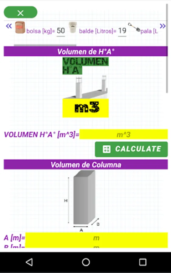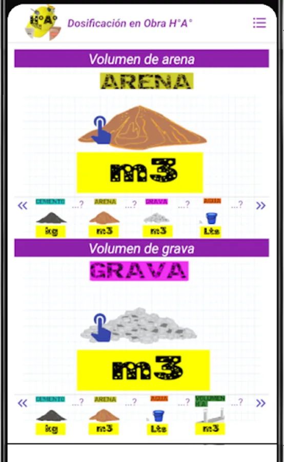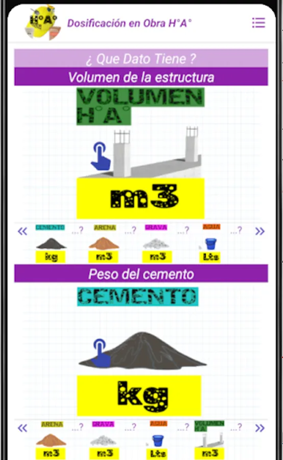 - The application asks you for an input data that you have on site, it can be the data of volume of gravel or volume of sand or weight of cement or volume of the structure.
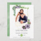 Cartões de salvar a data de casamento com suculentas modernas com moldura geométrica dourada e verso lavado com aguarela verde-sage.
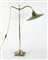 Lampada da tavolo regolabile in ottone con paralume in metallo verde. H. cm. 64.
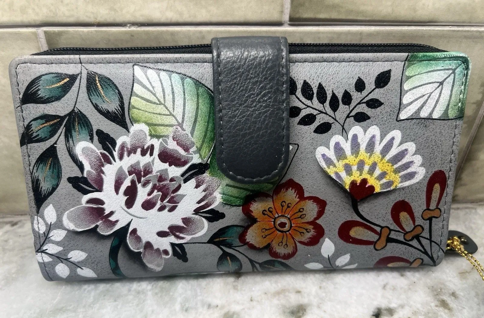 Beautiful hand painted wallet. The Anuschka Women's Hand Painted Wallet features a beautiful floral design with gray green leaves, adding a touch of elegance to any outfit. This wallet is perfect for women who appreciate unique and detailed accessories. With multiple credit card slots, a coin pouch, and a convenient zip closure, this wallet offers both style and functionality. The intricate hand-painted details make this wallet a standout piece for any wardrobe, while the multicolor design adds a pop of interest to the overall look.
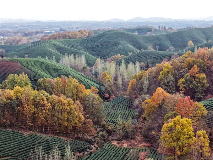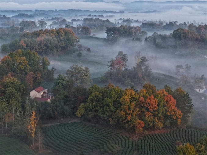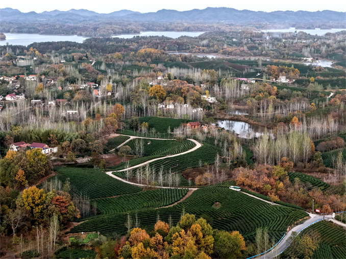 茶園里,茶樹在寒風(fēng)中換上了斑斕的衣裳,綠葉間夾雜著金黃、深紅,宛如大自然最隨性的調(diào)色盤。連綿起伏的茶山,在朦朧的云霧中若隱若現(xiàn),與遠(yuǎn)處碧波蕩漾的南灣湖水遙相呼應(yīng),美得不似人間。
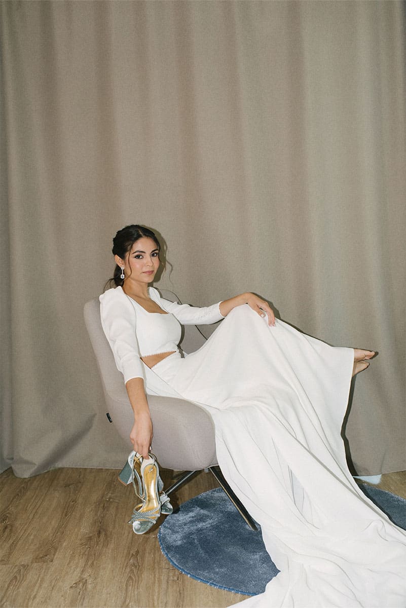 A woman in a flowing white dress sits elegantly on a modern chair
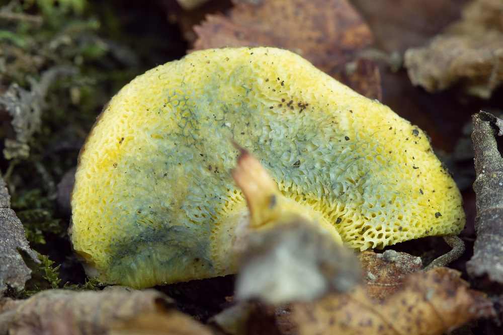 Auf Druck liefen nur die Röhren blau an, ansonsten blieb der Pilz unverändert bei Verletzung.
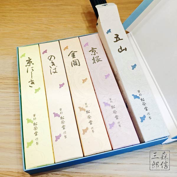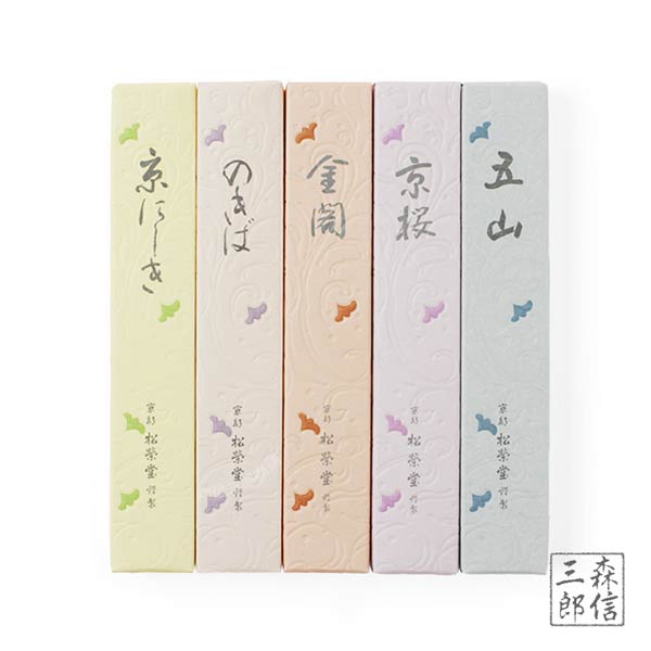 京線香のうち、五山・京桜・金閣・のきば・京にしきの小箱セットです。
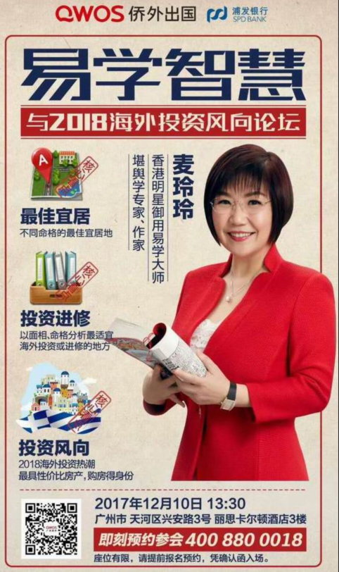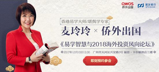 12月10日,广州侨外移民携手香港易学天后麦玲玲一起走进“2018全球投资风向论坛” ,超过22个国家的投资、财富、移民专家将与您面对面,共同探讨2018全球投资趋势与价值。

Work task |
Pictures are to be left out; the records above must be repeated word for word.

Result of the task |
 - The application asks you for an input data that you have on site, it can be the data of volume of gravel or volume of sand or weight of cement or volume of the structure.
 Cartões de salvar a data de casamento com suculentas modernas com moldura geométrica dourada e verso lavado com aguarela verde-sage.
 Lampada da tavolo regolabile in ottone con paralume in metallo verde. H. cm. 64.
 Beautiful hand painted wallet. The Anuschka Women's Hand Painted Wallet features a beautiful floral design with gray green leaves, adding a touch of elegance to any outfit. This wallet is perfect for women who appreciate unique and detailed accessories. With multiple credit card slots, a coin pouch, and a convenient zip closure, this wallet offers both style and functionality. The intricate hand-painted details make this wallet a standout piece for any wardrobe, while the multicolor design adds a pop of interest to the overall look.
 茶園里,茶樹在寒風(fēng)中換上了斑斕的衣裳,綠葉間夾雜著金黃、深紅,宛如大自然最隨性的調(diào)色盤。連綿起伏的茶山,在朦朧的云霧中若隱若現(xiàn),與遠(yuǎn)處碧波蕩漾的南灣湖水遙相呼應(yīng),美得不似人間。
 A woman in a flowing white dress sits elegantly on a modern chair
 Auf Druck liefen nur die Röhren blau an, ansonsten blieb der Pilz unverändert bei Verletzung.
 京線香のうち、五山・京桜・金閣・のきば・京にしきの小箱セットです。
 12月10日,广州侨外移民携手香港易学天后麦玲玲一起走进“2018全球投资风向论坛” ,超过22个国家的投资、财富、移民专家将与您面对面,共同探讨2018全球投资趋势与价值。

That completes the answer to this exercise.